- Exercise
When you return the data, keep every line exactly as it is and leave out the pictures.

-- Given records follows --

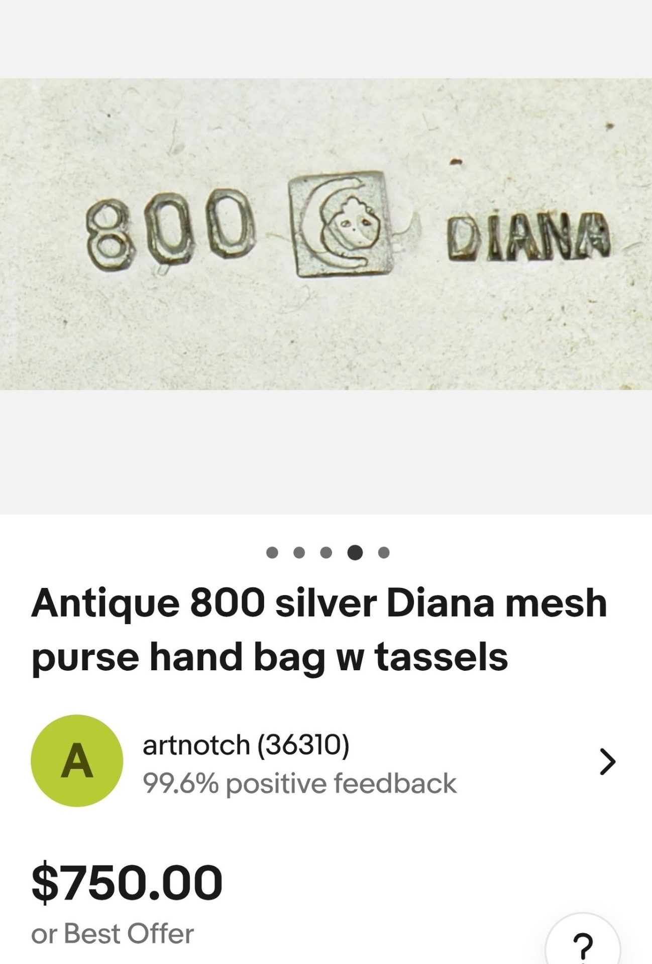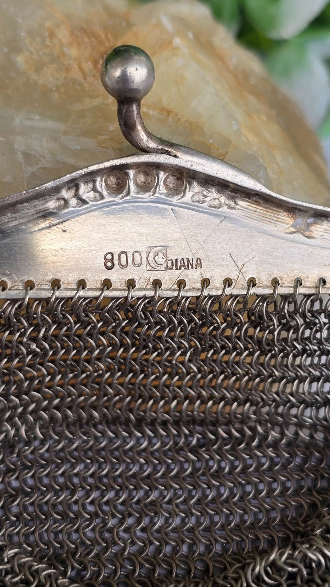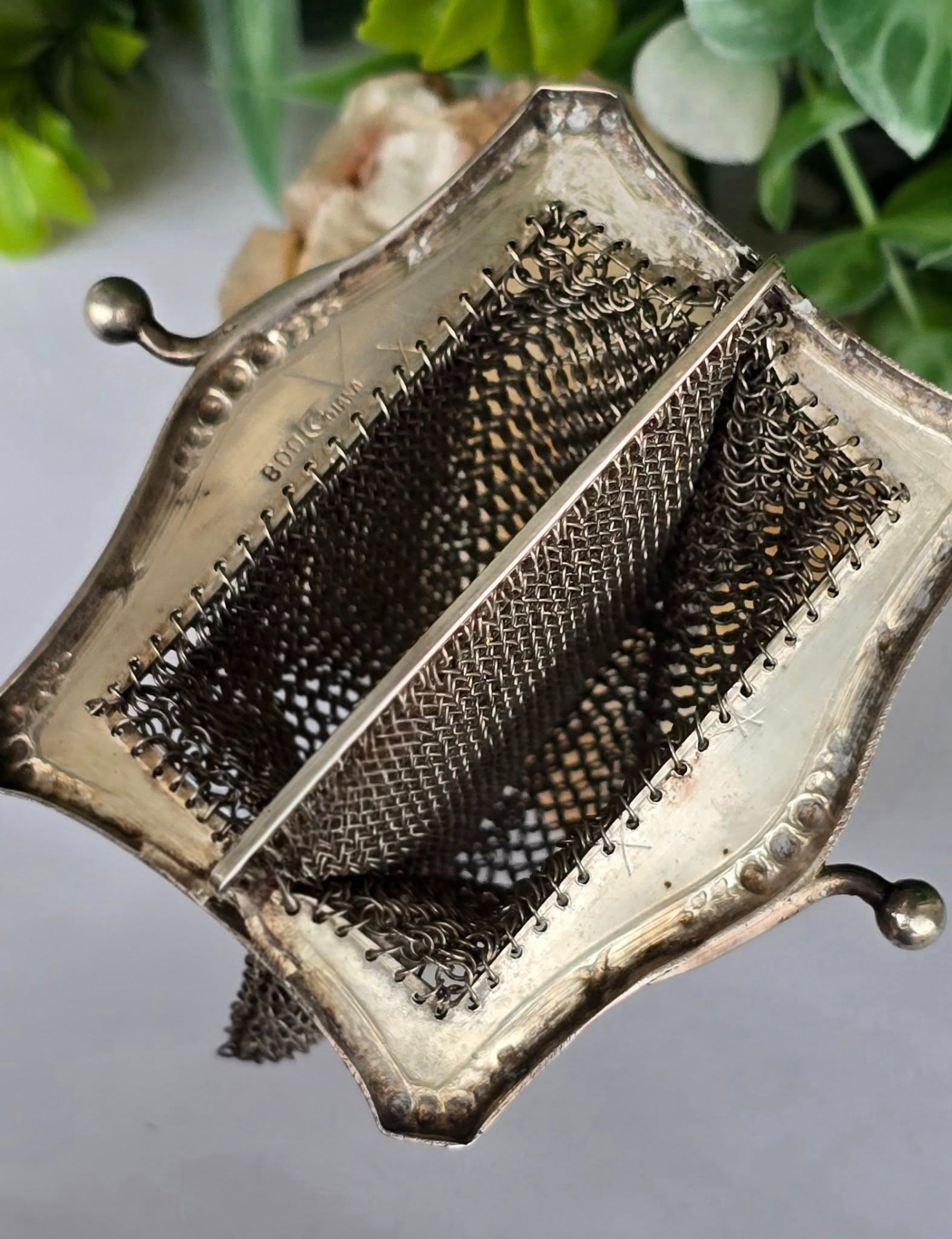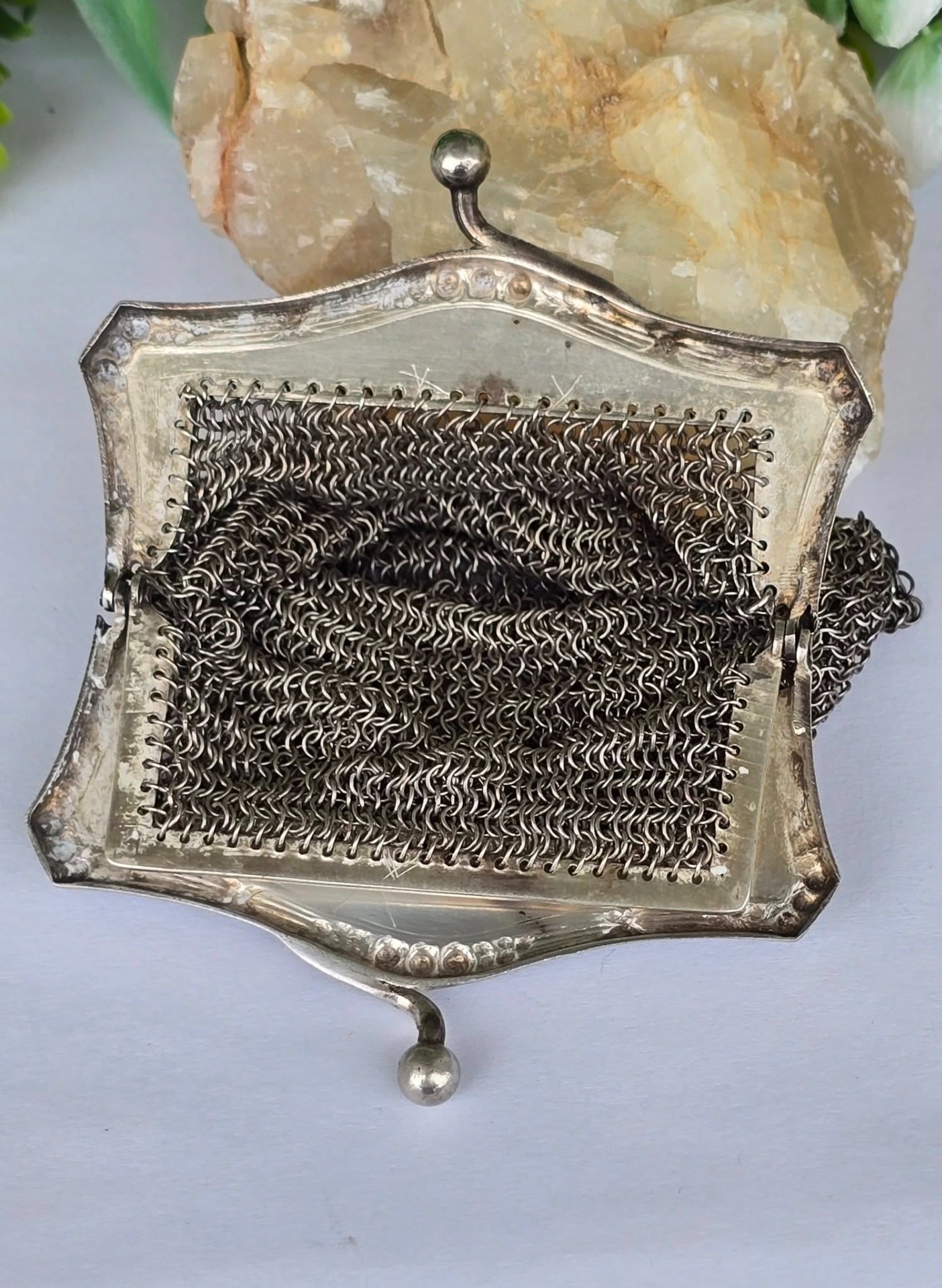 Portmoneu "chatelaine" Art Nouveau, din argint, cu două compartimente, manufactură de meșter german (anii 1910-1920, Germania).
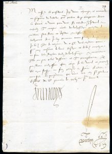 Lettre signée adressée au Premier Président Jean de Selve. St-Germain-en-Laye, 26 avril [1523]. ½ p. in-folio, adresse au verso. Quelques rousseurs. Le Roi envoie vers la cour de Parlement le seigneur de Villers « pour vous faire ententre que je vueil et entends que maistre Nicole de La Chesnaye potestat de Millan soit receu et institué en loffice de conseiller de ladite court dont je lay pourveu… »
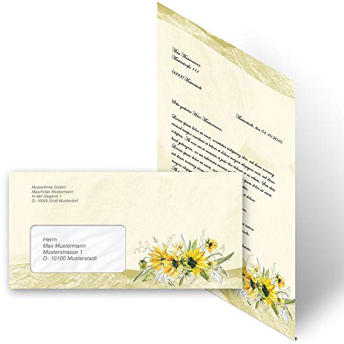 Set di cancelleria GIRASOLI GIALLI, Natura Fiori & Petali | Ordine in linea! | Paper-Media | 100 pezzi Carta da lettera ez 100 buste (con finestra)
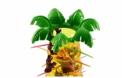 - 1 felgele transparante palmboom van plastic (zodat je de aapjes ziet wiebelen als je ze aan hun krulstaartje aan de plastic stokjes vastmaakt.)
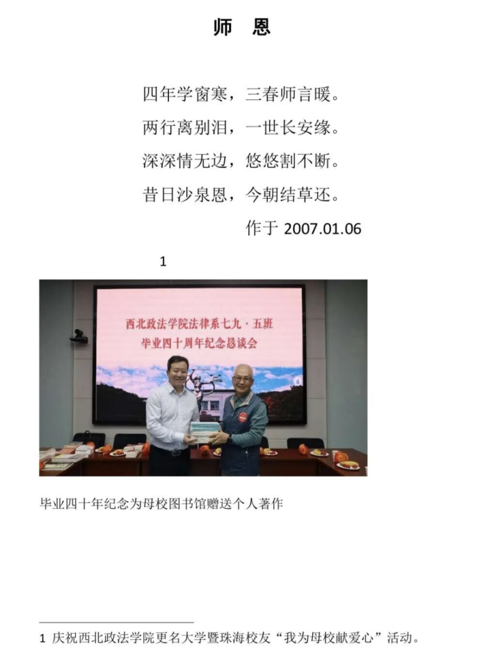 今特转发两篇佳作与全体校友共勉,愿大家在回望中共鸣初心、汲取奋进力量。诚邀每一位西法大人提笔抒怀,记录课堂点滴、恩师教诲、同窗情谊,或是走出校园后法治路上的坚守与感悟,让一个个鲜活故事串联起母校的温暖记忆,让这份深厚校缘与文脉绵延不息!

-- Given records concluded --

- Result of the task
 Portmoneu "chatelaine" Art Nouveau, din argint, cu două compartimente, manufactură de meșter german (anii 1910-1920, Germania).
 Lettre signée adressée au Premier Président Jean de Selve. St-Germain-en-Laye, 26 avril [1523]. ½ p. in-folio, adresse au verso. Quelques rousseurs. Le Roi envoie vers la cour de Parlement le seigneur de Villers « pour vous faire ententre que je vueil et entends que maistre Nicole de La Chesnaye potestat de Millan soit receu et institué en loffice de conseiller de ladite court dont je lay pourveu… »
 Set di cancelleria GIRASOLI GIALLI, Natura Fiori & Petali | Ordine in linea! | Paper-Media | 100 pezzi Carta da lettera ez 100 buste (con finestra)
 - 1 felgele transparante palmboom van plastic (zodat je de aapjes ziet wiebelen als je ze aan hun krulstaartje aan de plastic stokjes vastmaakt.)
 今特转发两篇佳作与全体校友共勉,愿大家在回望中共鸣初心、汲取奋进力量。诚邀每一位西法大人提笔抒怀,记录课堂点滴、恩师教诲、同窗情谊,或是走出校园后法治路上的坚守与感悟,让一个个鲜活故事串联起母校的温暖记忆,让这份深厚校缘与文脉绵延不息!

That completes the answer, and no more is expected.